> **Data records**:

────

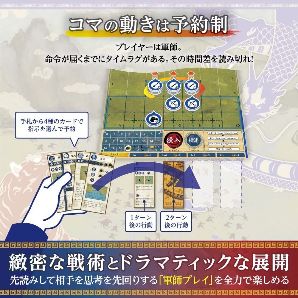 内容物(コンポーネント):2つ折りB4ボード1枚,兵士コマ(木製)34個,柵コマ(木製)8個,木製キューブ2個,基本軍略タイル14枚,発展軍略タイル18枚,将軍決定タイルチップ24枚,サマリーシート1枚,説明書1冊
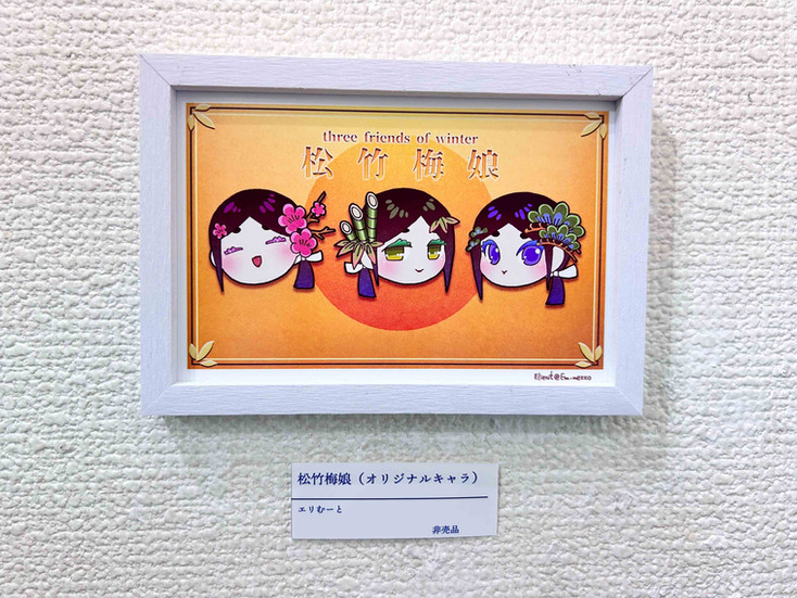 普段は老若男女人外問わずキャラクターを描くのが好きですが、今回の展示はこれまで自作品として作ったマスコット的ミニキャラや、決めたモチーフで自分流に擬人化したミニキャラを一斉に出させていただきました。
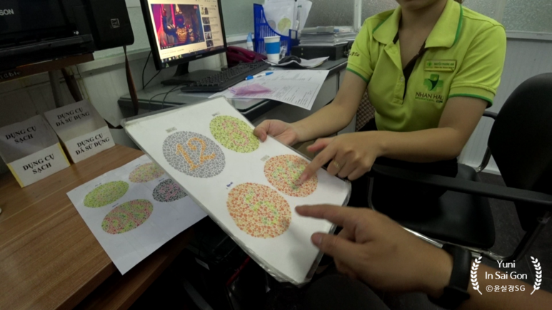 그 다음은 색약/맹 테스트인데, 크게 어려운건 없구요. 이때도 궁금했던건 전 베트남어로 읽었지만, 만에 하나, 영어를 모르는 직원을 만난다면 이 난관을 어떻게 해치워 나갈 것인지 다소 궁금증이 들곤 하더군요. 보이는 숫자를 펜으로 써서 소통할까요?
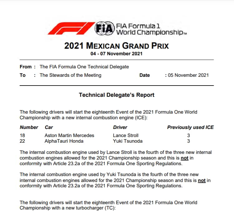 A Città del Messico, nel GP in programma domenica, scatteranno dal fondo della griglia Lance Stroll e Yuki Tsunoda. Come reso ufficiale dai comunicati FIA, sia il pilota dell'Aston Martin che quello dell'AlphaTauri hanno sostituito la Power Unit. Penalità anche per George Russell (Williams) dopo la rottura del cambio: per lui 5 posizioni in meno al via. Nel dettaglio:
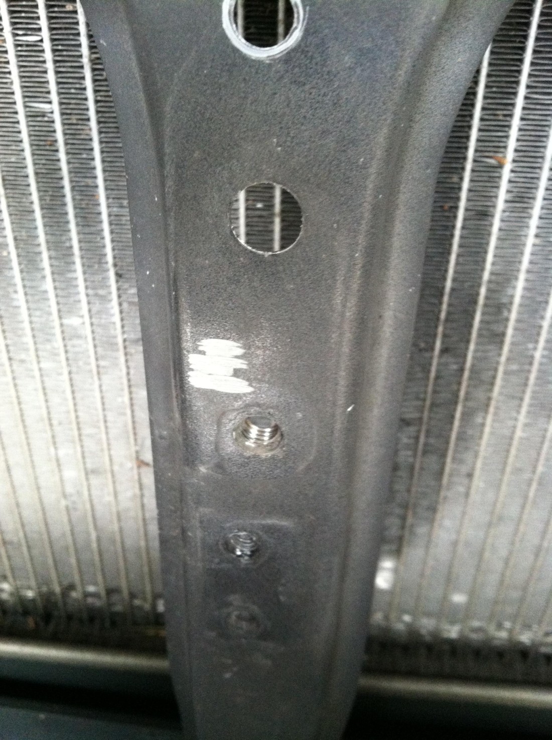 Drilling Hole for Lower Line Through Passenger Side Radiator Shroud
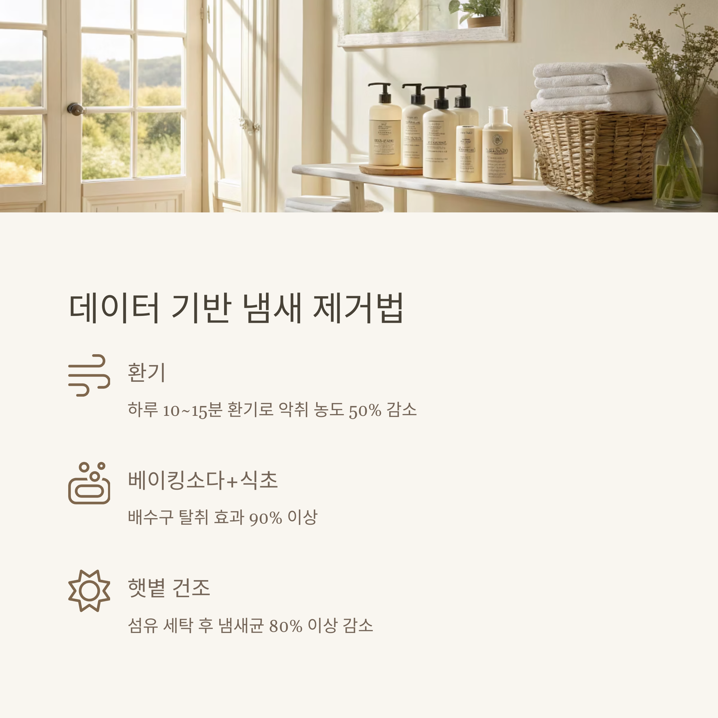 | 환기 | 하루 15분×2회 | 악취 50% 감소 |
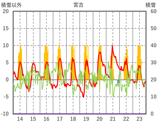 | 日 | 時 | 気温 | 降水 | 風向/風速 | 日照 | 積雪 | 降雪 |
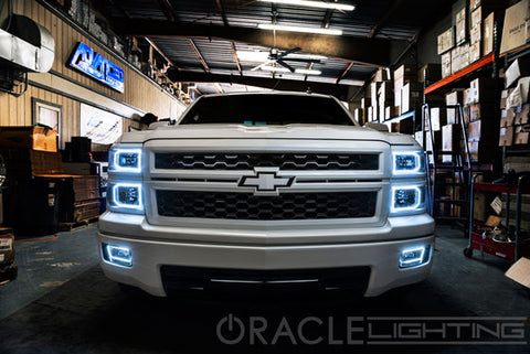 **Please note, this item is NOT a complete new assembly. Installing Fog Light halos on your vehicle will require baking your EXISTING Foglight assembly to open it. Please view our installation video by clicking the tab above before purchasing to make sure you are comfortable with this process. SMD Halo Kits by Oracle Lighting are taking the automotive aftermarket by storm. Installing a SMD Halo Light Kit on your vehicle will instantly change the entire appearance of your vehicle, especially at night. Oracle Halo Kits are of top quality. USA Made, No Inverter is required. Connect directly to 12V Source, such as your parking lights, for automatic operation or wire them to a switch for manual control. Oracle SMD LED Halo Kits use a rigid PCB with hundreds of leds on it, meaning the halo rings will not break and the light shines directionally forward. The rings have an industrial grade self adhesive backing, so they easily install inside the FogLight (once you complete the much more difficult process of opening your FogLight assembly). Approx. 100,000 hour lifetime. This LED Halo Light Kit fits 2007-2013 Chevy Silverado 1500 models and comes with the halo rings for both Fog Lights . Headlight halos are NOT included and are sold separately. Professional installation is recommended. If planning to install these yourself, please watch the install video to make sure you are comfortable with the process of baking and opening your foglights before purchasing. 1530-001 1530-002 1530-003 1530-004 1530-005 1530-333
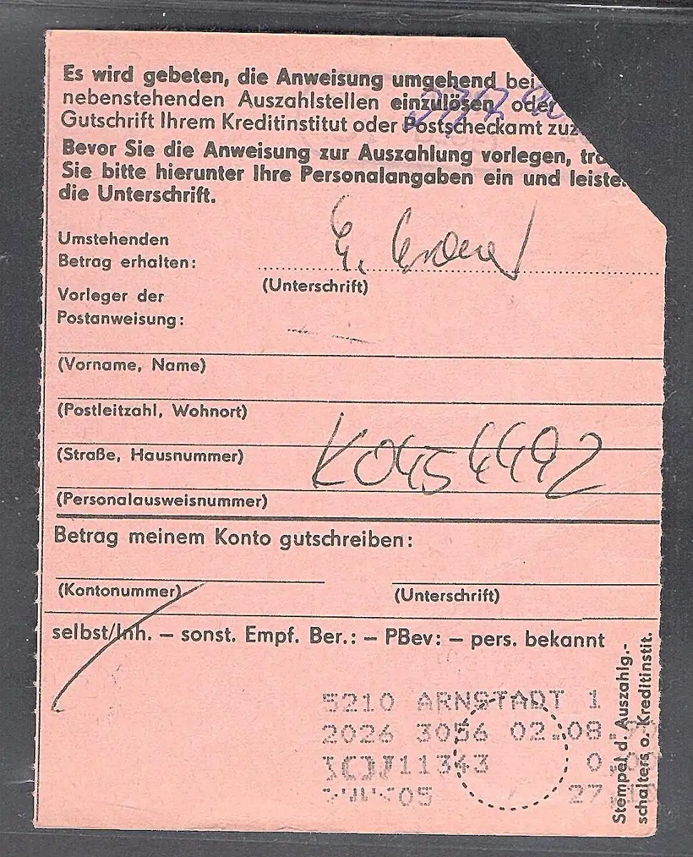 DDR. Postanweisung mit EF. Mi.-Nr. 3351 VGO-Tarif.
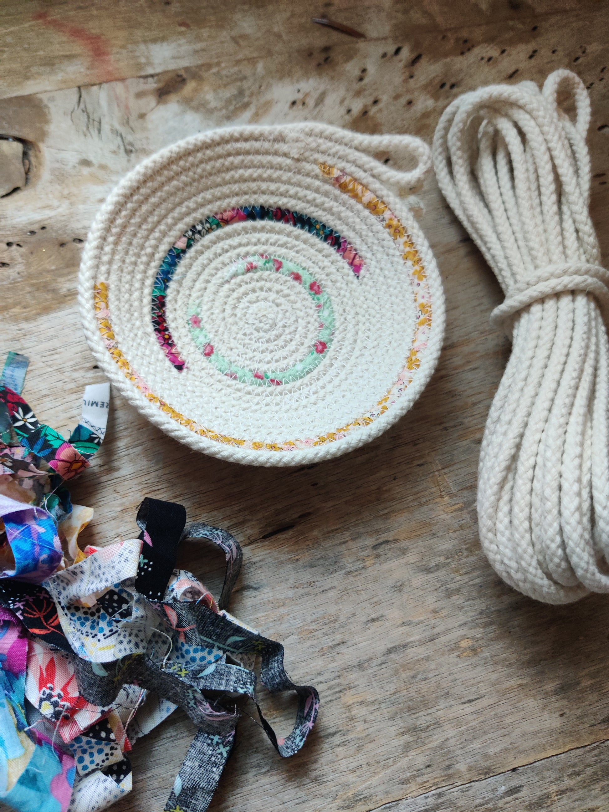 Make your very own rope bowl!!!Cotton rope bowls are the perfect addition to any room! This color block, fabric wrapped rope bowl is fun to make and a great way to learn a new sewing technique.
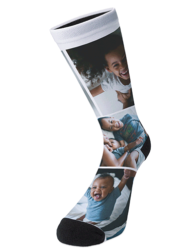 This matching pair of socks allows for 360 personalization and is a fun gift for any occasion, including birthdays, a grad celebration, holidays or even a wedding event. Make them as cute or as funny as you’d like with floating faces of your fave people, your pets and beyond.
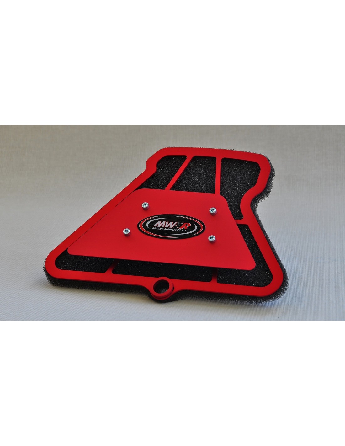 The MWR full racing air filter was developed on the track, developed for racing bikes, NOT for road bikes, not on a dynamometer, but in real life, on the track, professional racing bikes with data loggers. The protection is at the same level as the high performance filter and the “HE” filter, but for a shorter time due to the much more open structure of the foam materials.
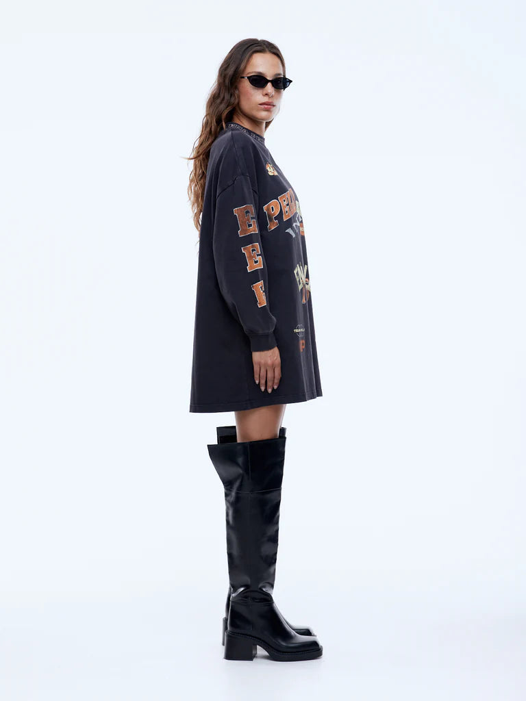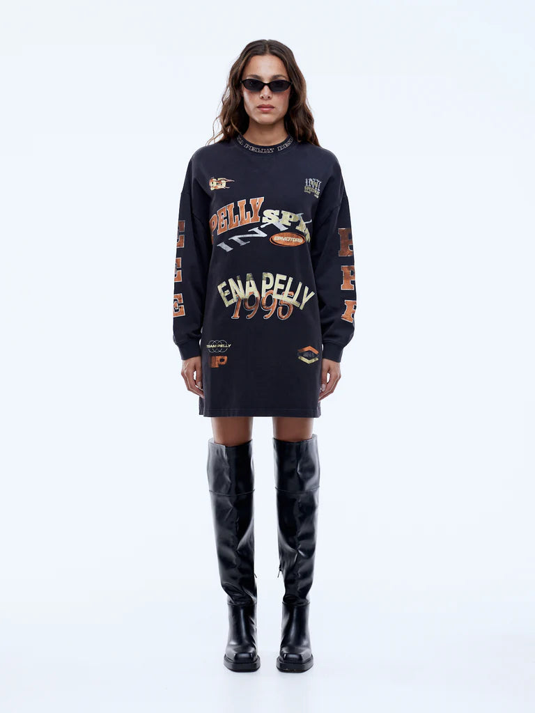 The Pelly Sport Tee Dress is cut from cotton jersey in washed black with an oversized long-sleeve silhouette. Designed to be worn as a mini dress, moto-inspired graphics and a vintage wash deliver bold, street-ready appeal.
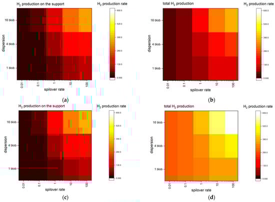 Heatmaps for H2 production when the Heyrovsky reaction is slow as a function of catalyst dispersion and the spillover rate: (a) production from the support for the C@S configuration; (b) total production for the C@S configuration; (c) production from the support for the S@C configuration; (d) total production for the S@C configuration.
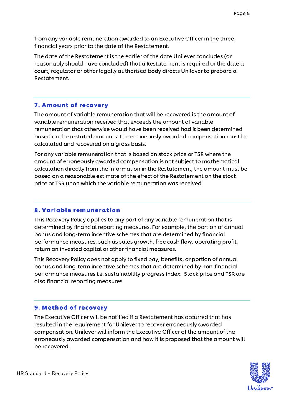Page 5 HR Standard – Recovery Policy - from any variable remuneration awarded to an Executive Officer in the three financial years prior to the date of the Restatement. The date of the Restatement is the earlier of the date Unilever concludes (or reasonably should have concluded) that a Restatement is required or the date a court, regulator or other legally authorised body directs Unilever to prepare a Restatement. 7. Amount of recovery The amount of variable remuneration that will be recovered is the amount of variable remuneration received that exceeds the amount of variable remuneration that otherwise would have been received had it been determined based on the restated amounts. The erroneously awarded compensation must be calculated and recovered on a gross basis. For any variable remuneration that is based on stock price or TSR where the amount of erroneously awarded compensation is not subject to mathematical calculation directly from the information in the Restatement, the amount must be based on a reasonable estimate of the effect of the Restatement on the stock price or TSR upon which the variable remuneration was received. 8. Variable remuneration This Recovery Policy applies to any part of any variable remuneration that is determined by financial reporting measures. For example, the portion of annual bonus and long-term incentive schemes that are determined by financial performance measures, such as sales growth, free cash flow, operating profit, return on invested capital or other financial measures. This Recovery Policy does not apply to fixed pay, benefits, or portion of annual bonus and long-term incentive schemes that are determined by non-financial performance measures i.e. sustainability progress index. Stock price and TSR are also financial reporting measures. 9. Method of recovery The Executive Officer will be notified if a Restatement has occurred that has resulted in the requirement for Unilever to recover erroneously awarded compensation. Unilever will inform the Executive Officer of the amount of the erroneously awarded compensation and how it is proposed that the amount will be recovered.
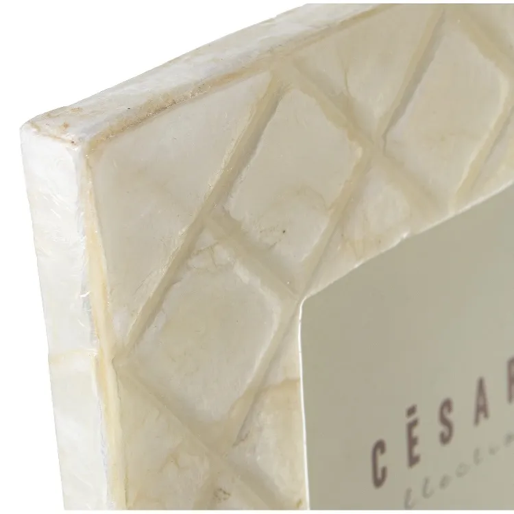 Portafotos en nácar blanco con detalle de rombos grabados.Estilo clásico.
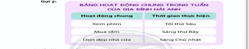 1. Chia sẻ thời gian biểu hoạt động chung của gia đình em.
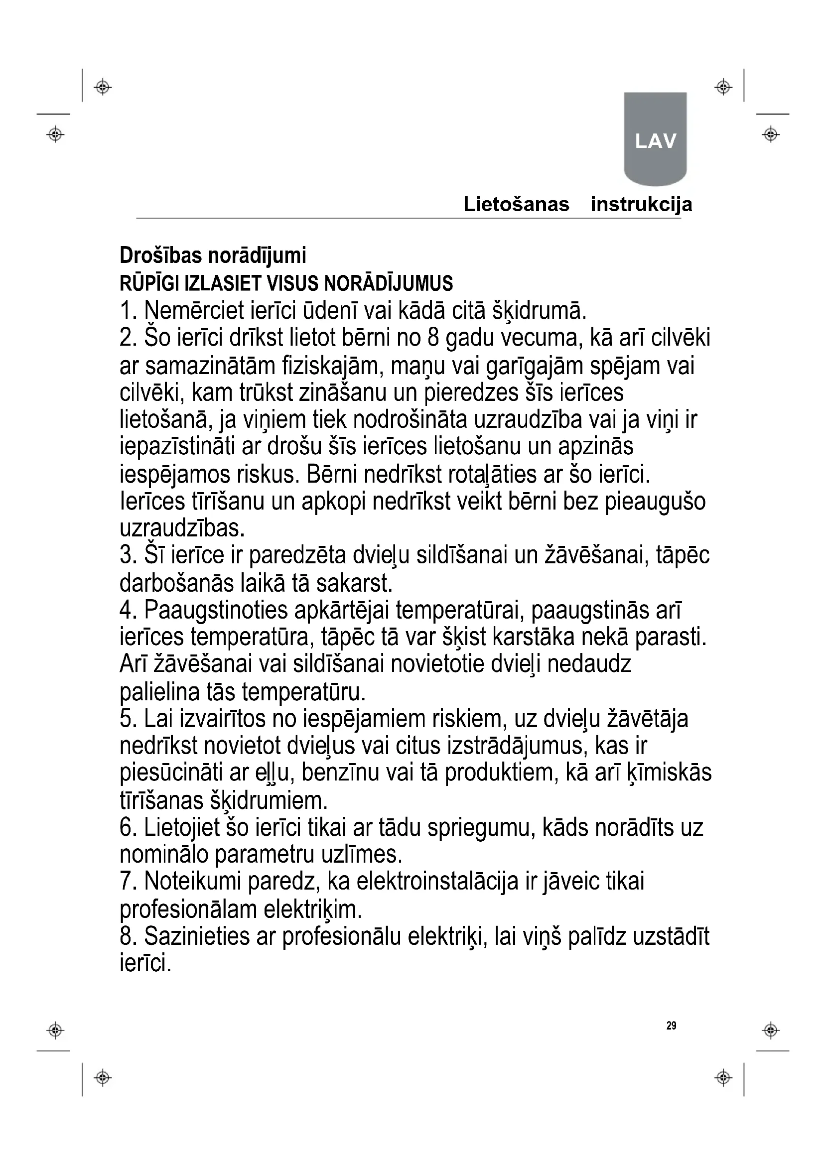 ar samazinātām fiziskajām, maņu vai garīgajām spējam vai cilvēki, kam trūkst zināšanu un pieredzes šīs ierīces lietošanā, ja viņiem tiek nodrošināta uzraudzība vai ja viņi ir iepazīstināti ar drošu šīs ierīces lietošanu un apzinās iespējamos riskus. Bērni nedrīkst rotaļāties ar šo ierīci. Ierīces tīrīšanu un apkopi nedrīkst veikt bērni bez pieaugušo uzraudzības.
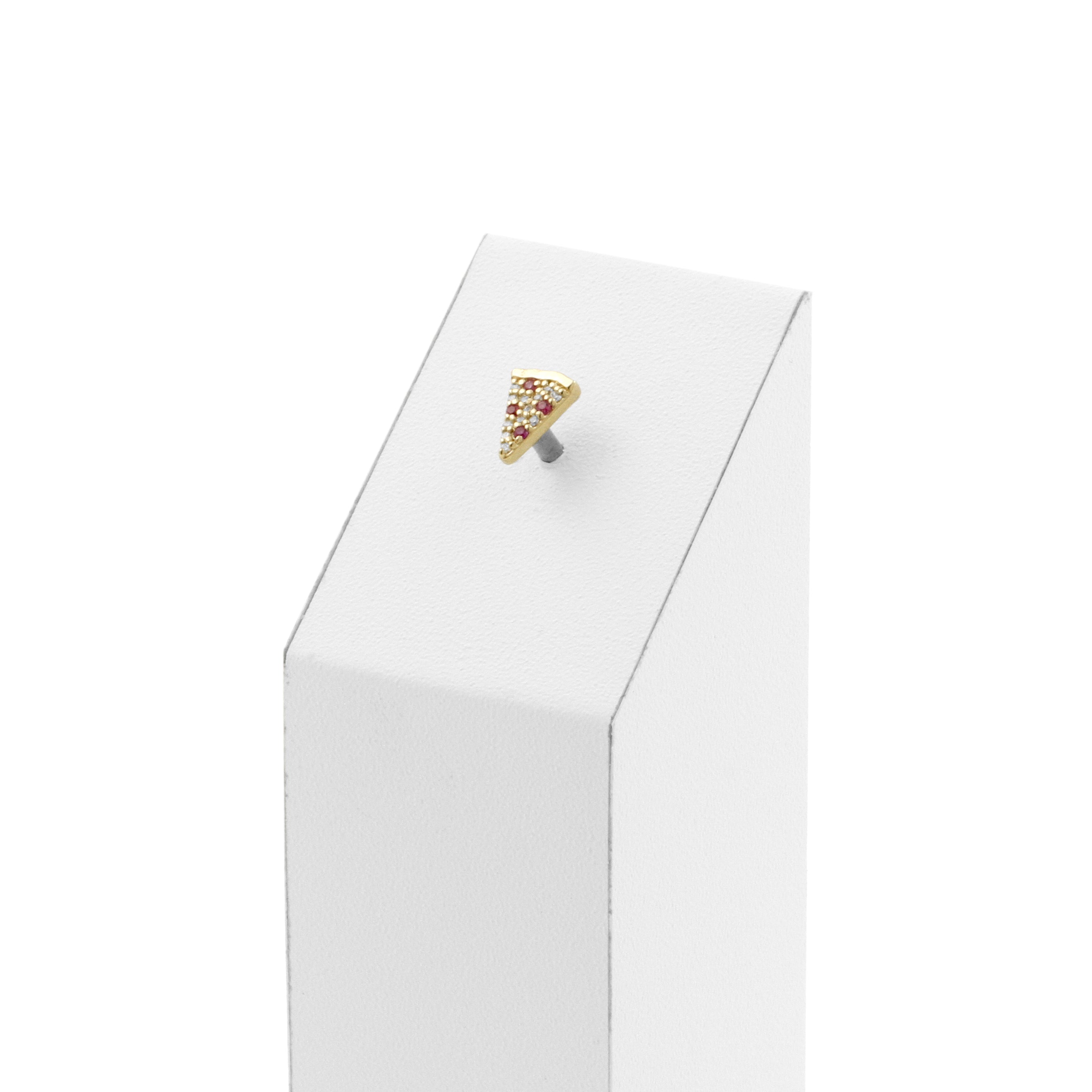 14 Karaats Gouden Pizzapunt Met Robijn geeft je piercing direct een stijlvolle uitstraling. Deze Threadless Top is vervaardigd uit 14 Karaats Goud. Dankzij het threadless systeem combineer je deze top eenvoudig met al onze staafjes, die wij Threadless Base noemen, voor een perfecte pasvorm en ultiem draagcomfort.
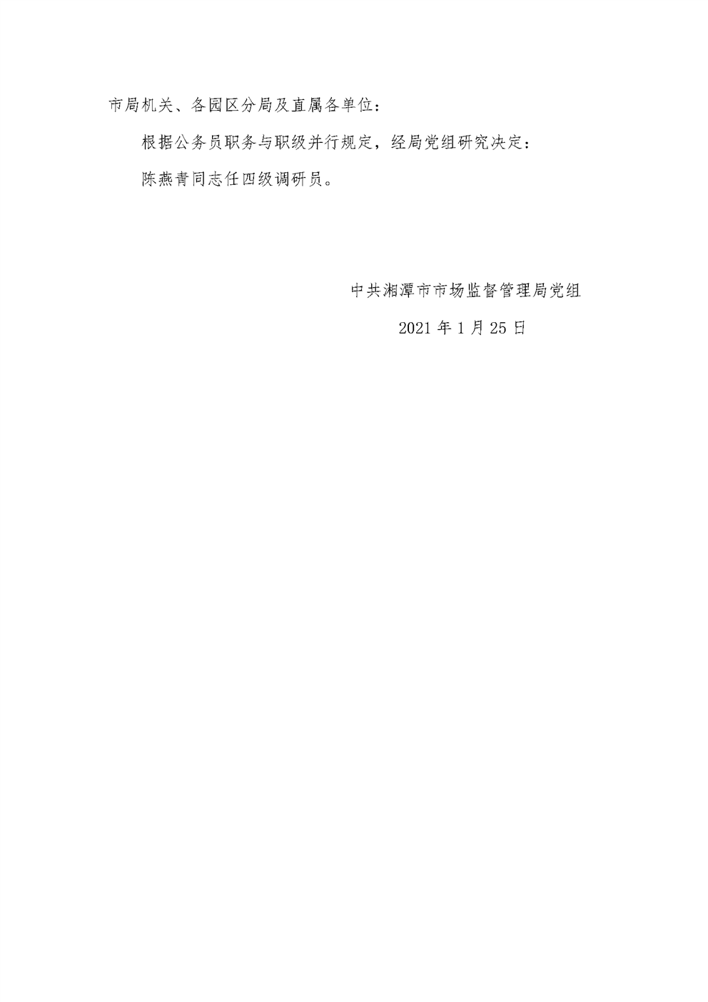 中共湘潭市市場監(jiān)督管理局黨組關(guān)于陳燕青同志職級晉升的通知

────

> **Required action**: In the records above, find the line with "日照 | 積雪 | 降雪 |" and the line with "This matching pair", then restate word for word only those two lines and all lines between, omitting pictures.

> **Answer section**:
 | 日 | 時 | 気温 | 降水 | 風向/風速 | 日照 | 積雪 | 降雪 |
 **Please note, this item is NOT a complete new assembly. Installing Fog Light halos on your vehicle will require baking your EXISTING Foglight assembly to open it. Please view our installation video by clicking the tab above before purchasing to make sure you are comfortable with this process. SMD Halo Kits by Oracle Lighting are taking the automotive aftermarket by storm. Installing a SMD Halo Light Kit on your vehicle will instantly change the entire appearance of your vehicle, especially at night. Oracle Halo Kits are of top quality. USA Made, No Inverter is required. Connect directly to 12V Source, such as your parking lights, for automatic operation or wire them to a switch for manual control. Oracle SMD LED Halo Kits use a rigid PCB with hundreds of leds on it, meaning the halo rings will not break and the light shines directionally forward. The rings have an industrial grade self adhesive backing, so they easily install inside the FogLight (once you complete the much more difficult process of opening your FogLight assembly). Approx. 100,000 hour lifetime. This LED Halo Light Kit fits 2007-2013 Chevy Silverado 1500 models and comes with the halo rings for both Fog Lights . Headlight halos are NOT included and are sold separately. Professional installation is recommended. If planning to install these yourself, please watch the install video to make sure you are comfortable with the process of baking and opening your foglights before purchasing. 1530-001 1530-002 1530-003 1530-004 1530-005 1530-333
 DDR. Postanweisung mit EF. Mi.-Nr. 3351 VGO-Tarif.
 Make your very own rope bowl!!!Cotton rope bowls are the perfect addition to any room! This color block, fabric wrapped rope bowl is fun to make and a great way to learn a new sewing technique.
 This matching pair of socks allows for 360 personalization and is a fun gift for any occasion, including birthdays, a grad celebration, holidays or even a wedding event. Make them as cute or as funny as you’d like with floating faces of your fave people, your pets and beyond.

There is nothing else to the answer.